• [Dataset items]:
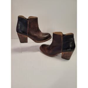 Keywords: Bed Stu Yell Bootie Women Size 8 Leather Ankle Boot Brown Two Toned Side Zip
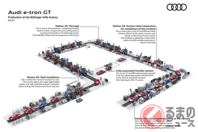 アウディは、同社の電気自動車「e-tron GT」の生産を、ベーリンガーホフ工場で開始した。
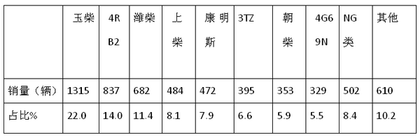 2、 汽油类中,绵阳4RB2机器占比最大,其次是重型汽油机3TZ,再次是三菱发动机4G69N.
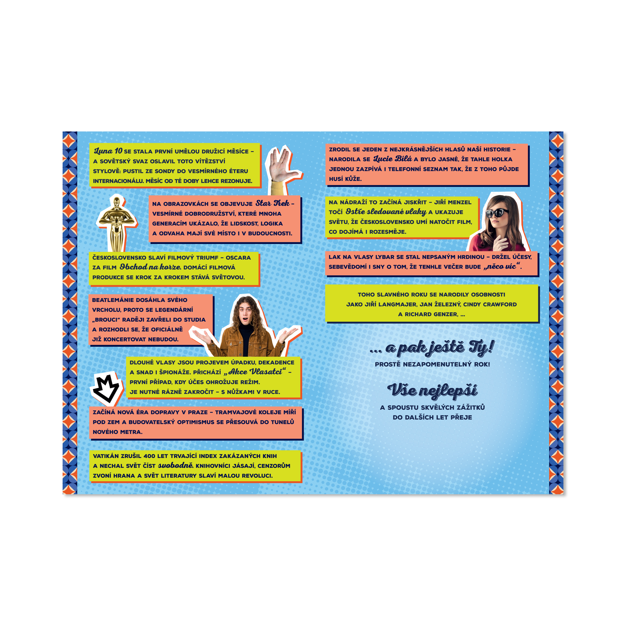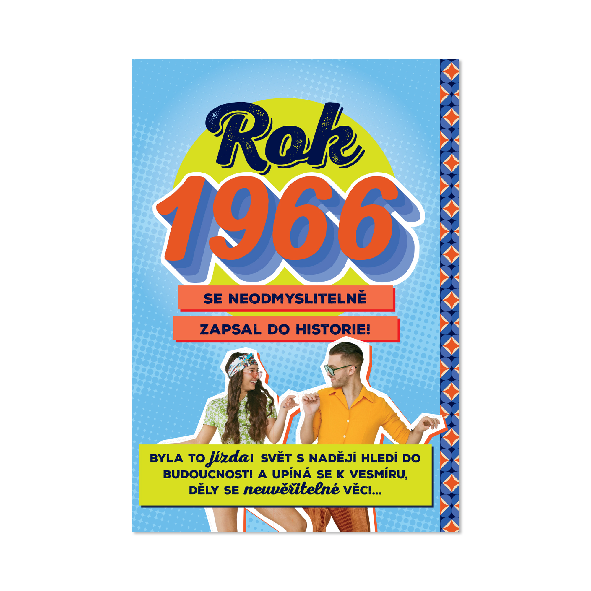 Svět v roce 1966 s nadějí hleděl do budoucnosti a upínal se k vesmíru. Luna 10 se stala první umělou družicí měsíce a na obrazovkách se objevil Star Trek. Dlouhé vlasy byly u mužů nepřípustné a světlo světa spatřil třeba herec Jiří Langmajer. Udělejte radost retro přáníčkem a zavzpomínejte společně s oslavencem, co výjimečného se v roce jeho narození stalo. Na přání najdete zajímavé události, které se v daném roce odehrály, a také známé osobnosti, které se v témže roce narodily. Rozměry přáníčka: 13,5 cm × 19,5 cm
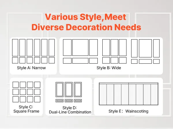 We offer a thoughtfully curated selection of wall moulding styles tailored to specific spaces: classic squares for living rooms, rectangles for hallways, and full wainscot layouts for dining rooms. Each wall molding panel is easy to paint or decorate for a personalized finish.

• [What is being asked]: Give again, exactly as written, the lines from the one with "Svět v roce" through the last line of the entries above, but skip the pictures.

• [Output below]:
 Svět v roce 1966 s nadějí hleděl do budoucnosti a upínal se k vesmíru. Luna 10 se stala první umělou družicí měsíce a na obrazovkách se objevil Star Trek. Dlouhé vlasy byly u mužů nepřípustné a světlo světa spatřil třeba herec Jiří Langmajer. Udělejte radost retro přáníčkem a zavzpomínejte společně s oslavencem, co výjimečného se v roce jeho narození stalo. Na přání najdete zajímavé události, které se v daném roce odehrály, a také známé osobnosti, které se v témže roce narodily. Rozměry přáníčka: 13,5 cm × 19,5 cm
 We offer a thoughtfully curated selection of wall moulding styles tailored to specific spaces: classic squares for living rooms, rectangles for hallways, and full wainscot layouts for dining rooms. Each wall molding panel is easy to paint or decorate for a personalized finish.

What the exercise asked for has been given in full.